Bitcoin menutup kedaluwarsa opsi terbesar yang pernah ada pada bulan Desember dengan perubahan harga yang tajam namun terkendali, mencerminkan posisi derivatif yang berat dan likuiditas liburan yang tipis. Pada 26 Desember, hampir $23,6 miliar dalam Bitcoin dan $3,8 miliar dalam opsi Ethereum diselesaikan di Deribit, menandai rekor kedaluwarsa bulanan.
Peristiwa tersebut menarik perhatian karena kedaluwarsa tersebut sering memengaruhi perilaku harga jangka pendek. Bitcoin sempat turun di bawah $87.000 dan kemudian stabil di dekat $87.500. Ethereum menyusul dengan penurunan yang lebih curam, meluncur lebih dari 2% menuju $2.950.
Skala kedaluwarsa memperkuat sensitivitas pasar. Likuiditas tetap rendah karena kondisi akhir tahun, membuat harga lebih mudah bergerak. Akibatnya, bahkan aliran moderat memicu ayunan intraday yang tajam. Pedagang memantau apakah Bitcoin dapat merebut kembali level $90.000, yang dipandang banyak analis sebagai hal penting untuk momentum awal 2026.
Bagaimana Posisi Opsi Membentuk Aksi Harga
Pembuat pasar biasanya menjual opsi kepada pedagang dan melakukan lindung nilai eksposur mereka di pasar spot. Oleh karena itu, mereka sering membeli Bitcoin selama penurunan dan menjual selama reli. Perilaku ini mengurangi risiko terarah tetapi membuat harga tetap terbatas. Hasilnya sering menyerupai kisaran perdagangan yang ketat di dekat apa yang disebut tingkat nyeri maks. Selama Desember, dinamika ini berkontribusi pada Bitcoin melayang antara $85.000 dan $90.000.
Secara signifikan, begitu opsi kedaluwarsa, tekanan lindung nilai itu menghilang. Pasar tidak lagi menghadapi pembelian atau penjualan paksa yang terkait dengan risiko opsi. Akibatnya, volatilitas sering kembali.
Setelah kedaluwarsa 26 Desember, para pedagang memperkirakan pergerakan harga yang lebih luas karena Bitcoin melanjutkan perdagangan pada penawaran dan permintaan organik. Selain itu, algoritme terkadang mendorong harga sebentar lebih rendah untuk memicu stop-loss order, terutama di pasar tipis.

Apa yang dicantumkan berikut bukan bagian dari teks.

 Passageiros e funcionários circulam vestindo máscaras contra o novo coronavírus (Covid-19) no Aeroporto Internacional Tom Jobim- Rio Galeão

Risiko Volatilitas dan Prospek Awal 2026
Namun, likuiditas yang tipis juga meningkatkan risiko penurunan. Satu pesanan besar dapat menggerakkan harga dengan cepat ketika lebih sedikit peserta yang berdagang. Akibatnya, penurunan tiba-tiba dapat muncul tanpa perubahan mendasar yang besar.

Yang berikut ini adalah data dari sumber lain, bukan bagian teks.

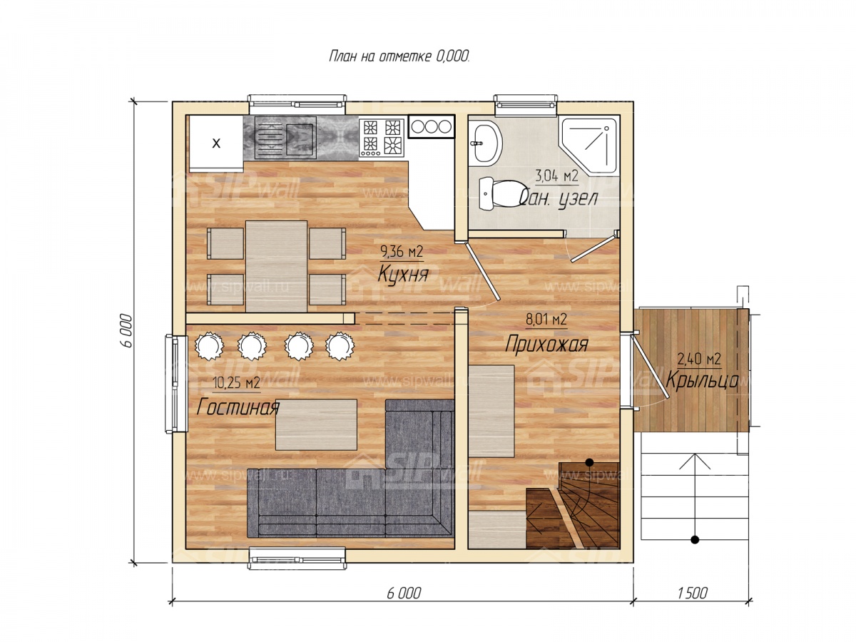 | Трехслойная СИП панель SIPwall 124 мм (OSB-3 12 мм, Россия, фасадный самозатухающий пенополистирол ППС 14 100 мм, Россия), вшитый конструктивный пиломатериал камерной сушки, строганный, обработанный огнебиозащитным составом «Wood Shield» в заводских условиях. | X | ||||||

Terlepas dari risiko itu, pola historis mendukung kekuatan di bulan Januari. Modal segar sering memasuki pasar di awal tahun, mendukung harga yang lebih tinggi.
Selain itu, kedaluwarsa derivatif biasanya miring netral menjadi bullish dari waktu ke waktu. Itu mengurangi kemungkinan penurunan berkepanjangan setelah penyelesaian. Harga langsung Bitcoin saat ini di dekat $87.100 mencerminkan tekanan jangka pendek daripada kelemahan struktural.
Ke depan, pedagang fokus pada apakah Bitcoin dapat merebut kembali dan menahan $90.000. Pergerakan berkelanjutan di atas level itu dapat menandakan momentum kenaikan baru. Namun, kegagalan untuk menembus lebih tinggi dapat memperpanjang konsolidasi.
Dalam kedua kasus tersebut, kedaluwarsa Desember menghilangkan bobot teknis utama. Akibatnya, awal tahun 2026 dapat membawa arah yang lebih jelas karena volatilitas kembali dan likuiditas baru memasuki pasar.
Disclaimer: The information presented in this article is for informational and educational purposes only. The article does not constitute financial advice or advice of any kind. Coin Edition is not responsible for any losses incurred as a result of the utilization of content, products, or services mentioned. Readers are advised to exercise caution before taking any action related to the company.